470+ open issues. A 9-person team cannot service a backlog this size at pace. Common recurring themes: model-specific tool calling bugs (Kimi K2, Mistral, SambaNova), JSON serialization errors, AWS Bedrock instability in the desktop app, and stale model string references for discontinued API endpoints.

Security gaps. The CodeExecutionToolkit runs model-produced Python without an approval boundary. TerminalToolkit.shell_exec allows prompt-driven shell command execution without approval gates — a significant prompt injection risk in any untrusted context.

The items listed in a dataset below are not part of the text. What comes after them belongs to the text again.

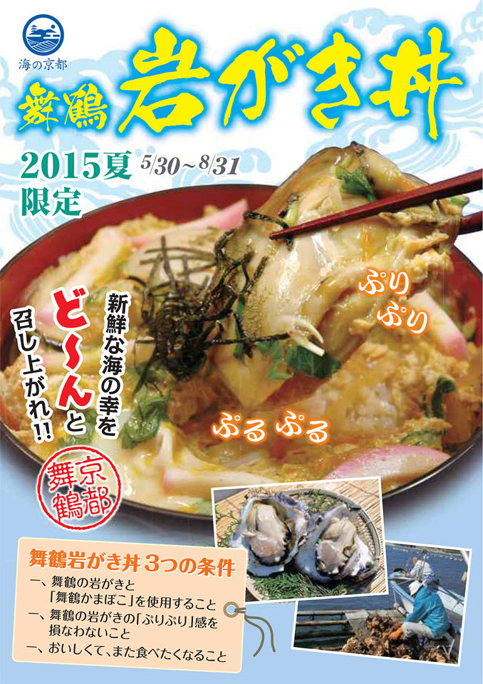 舞鶴では地産地消と地域おこしのため、舞鶴かきグルメキャンペーン協議会を設立し、丹後の海育成岩がきと舞鶴かまぼこがコラボした「舞鶴岩がき丼」を開発。提供する店舗を示したMAPを配布するなどPRを行っています。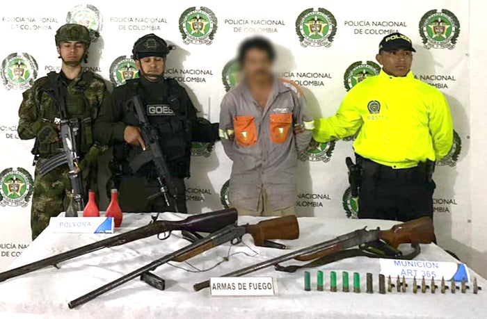 Como resultado también se incautaron dos armas de fuego tipo escopeta, una pistola, siete cartuchos calibre 16 y 10 cartuchos calibre 5.56.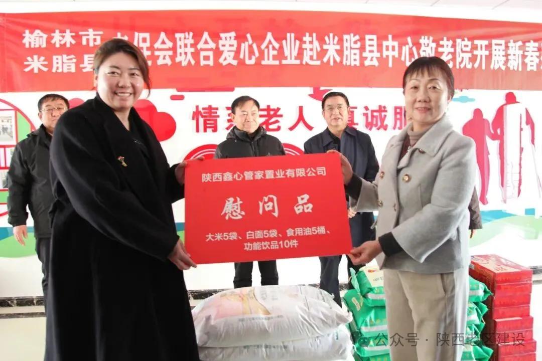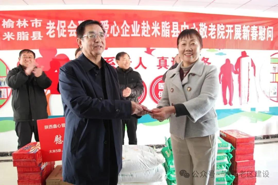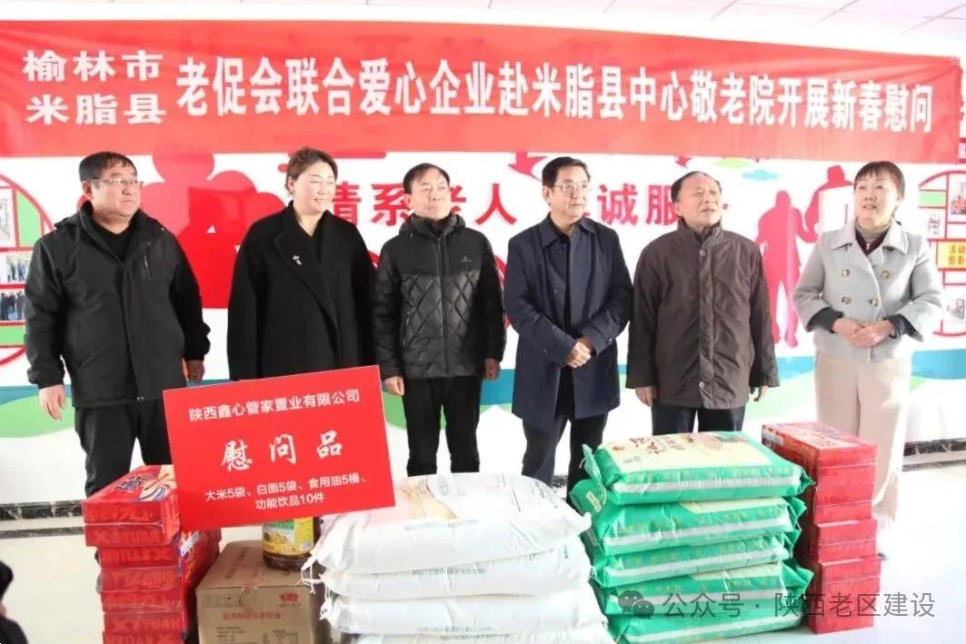 在榆林网讯:(王建峰)2026年2月3日上午,榆林市老区建设促进会与米脂县老区建设促进会联合爱心企业陕西鑫心管家置业有限公司,前往米脂县中心敬老院开展新春慰问活动,为老人们送去米、面、油、饮品等生活物资及慰问金,传递新春美好祝福,让他们在节前感受到社会各界的温暖与关怀。榆林市老促会秘书长杨广禄,社会事业服务部部长李齐国,社会事业服务部副部长、陕西鑫心管家置业有限公司董事长曹美玲,米脂县老促会会长杨巨山、副秘书长李自强等参加慰问。活动由杨巨山主持。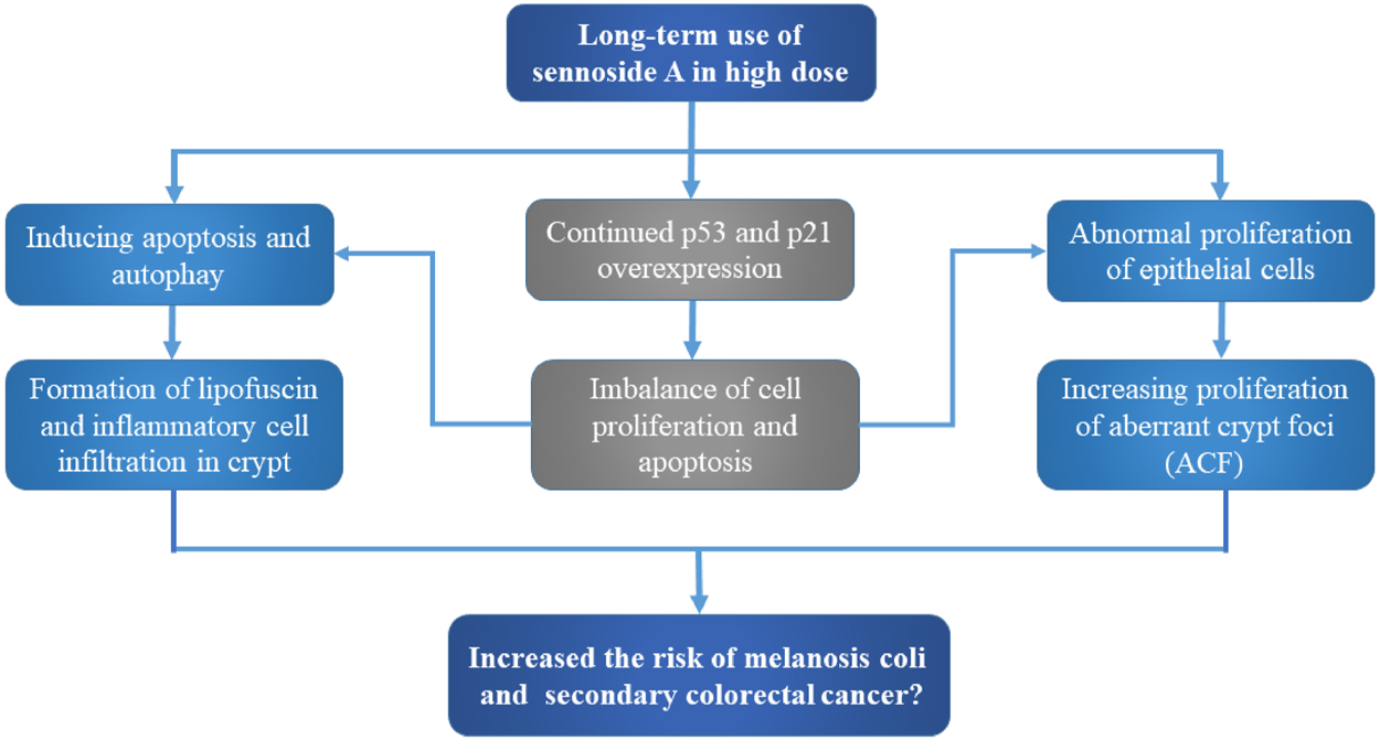 The imbalance of cell proliferation and apoptosis is related to the process of carcinogenesis. Persistent overexpression of p53, a key protein to induce cell cycle arrest and apoptosis, could lead to the increased risk of colorectal cancer (Kastan et al., 1991; Chen et al., 1995; Nakayama and Oshima, 2019). van Gorkom et al. discovered that the apoptosis induced by short-term use of sennosides (2 mg/kg SA and SB) might be mediated through the p53-p21/WAF pathway. Although the colonic self-repair damage induced by a single high-dose sennoside laxative, long-term use of sennoside laxative would lead to constant overexpression of p53 and p21, which might lead to increased risk of colorectal cancer (van Gorkom et al., 2001).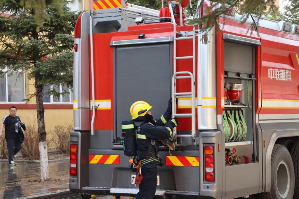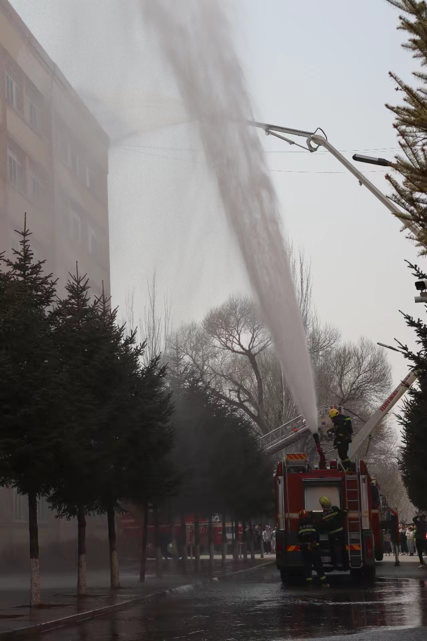 消防车成功抵达校园,准备开始演练。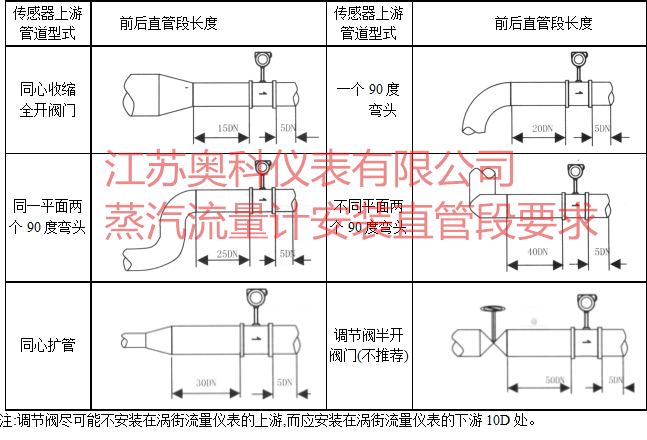 注:調節閥盡可能不安裝在渦街流量儀表的上游,而應安裝在渦街流量儀表的下游10D處。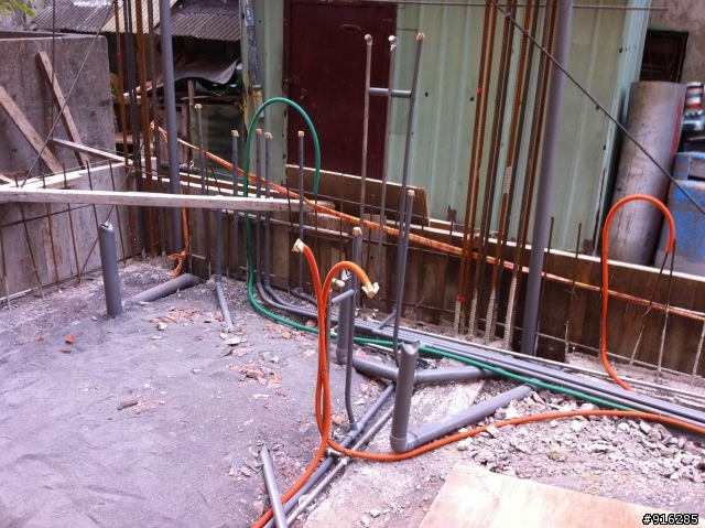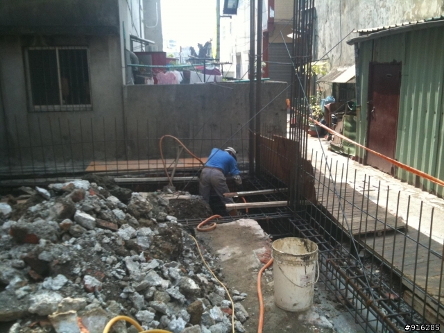 要挖地基..深約1.2米..地基底座牽網加大穩固力灌漿完之後..接著灌地樑..底座穩固之後回填夯實之後才灌地板增高之水泥砂漿
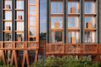 Архитектурный проект нового жилого комплекса был разработан именитым бюро "Остоженка". Отделка фасадов выполнена из кирпича и кортеновой стали, что в сочетании с панорамным остеклением, придает ему выразительный облик. Первый этаж запроектирован на высоте 13 метров. Таким образом, просторная входная группа имеет высоту потолков 10 метров, что делает ее интерьер уникальным. Благодаря расположению и продуманной архитектуре из каждой квартиры как на верхних, так и на нижних уровнях будут открываться живописные виды.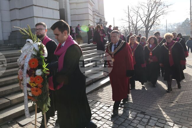Ректорът на Софийския университет и Академичният съвет поднесоха венец пред паметника на св. Климент Охридски за патронния празник на СУ

A2A not yet supported. Agent-to-Agent protocol support is an open feature request. CAMEL’s internal Workforce channel handles cross-agent coordination within the framework, but external A2A interoperability is not there yet.

OSS/commercial boundary unclear. It is not easy to determine where the free Apache 2.0 framework ends and Eigent AI’s commercial product begins. Enterprise adopters may find this ambiguity frustrating.


Who Should Use CAMEL

CAMEL is the right choice if you need:

  • Research-grade multi-agent systems with a strong academic pedigree
  • Synthetic data generation — no other framework ships this capability
  • Widest possible model coverage — 40+ providers means you can swap models without rewriting agent code
  • Large-scale agent simulations — OASIS is the only production-tested path to million-agent experiments
  • MCP-native integration — MCPAgent + MCPToolkit cover both consuming and exposing MCP tools

It is probably not the right starting point if:

  • You need fast onboarding — CrewAI or Agno have significantly lower barriers to entry
  • You need stateful graph execution — LangGraph’s checkpointing and time-travel are better suited
  • You need enterprise support with an SLA — Microsoft’s AutoGen has that
  • You cannot risk dependency on a small bootstrapped team

Rating: 4 / 5

CAMEL earns its place at the top of the open-source agent framework landscape on the strength of its research pedigree, benchmark results, unique features (synthetic data tooling, million-agent simulation), the breadth of its MCP integration, and its 40+ provider support. The GAIA #1 open-source result is a meaningful real-world signal.

The penalty from 4.5 comes from the combination of steep learning curve, a thin team managing a large backlog, unresolved security gaps in code execution, and the unclear commercial structure. This is a framework for engineers who want to push the boundaries of multi-agent AI, not for teams that need predictable production support.

For researchers, synthetic data engineers, or developers building the next generation of agent infrastructure: CAMEL is the most mature open-source foundation available.